Of course, all of that is just speculation - I know triggers are carnivores and usually eat crustaceans, so I'm not even sure if live fish of any kind are an appropriate food for it.


----------



## Kellsindell (Sep 15, 2008)

Good questions.

1 You should feed your tang different types of small food like krill mysis and cyclopees. the trigger will also love these and other meaty foods such as oisters, silversides(dead), or you have the option of making your own food. Many get unseasoned shrimp from the grocery store and feed that too. Tangs do love to graze, so you should feed them some nori, or veggy sheets you get from a lfs or what they wrap sushi in and put it on a veggie clip for continual grazing.

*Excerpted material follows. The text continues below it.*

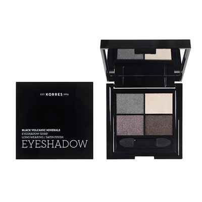 Οι νέες παλέτες σκιών Black Volcanic Minerals Eyeshadow Quads της Κορρές εστιάζουν στα Black Volcanic Minerals - ζωτικά ηφαιστειακά ιχνοστοιχεία με τονωτικές ιδιότητες, στα οποία οφείλεται η βαθιά, έντονη χρωματική απόδοση.

2 You realld don't need it if it already has it.

3 You can, it has been found to stim the appitite and to help with the animal immune system. i don't use this meathod i just feed healthy to keep them healthy. if you do use it, you can do it on every meal.

4 answered in question 1

5 you can, be sure to add them to tank water or RO/DI water and swish it around so it'll sink rather then float and go into the overflow

6 read above post by iamntbatman(i don't recommend the converting)

7 again it's part of 1. it's fine and called nori most of the time

8 Once a day unless you have special requierment fish and other then the tang, you don't. Put the seaweed on the clip in the morning/midday/night and feed when you mean to. Seaweed should be everyother day or less because it can be very messy and raise your unwanted parameters.

Good luck


----------



## Pasfur (Mar 29, 2008)

I highly suggesting incorporating garlic into the diet of your fish. There are many marine pellet foods that contain a garlic supplement. Just choose one and use it regularly. Improving the health and immunity of your fish should be a high priority.


----------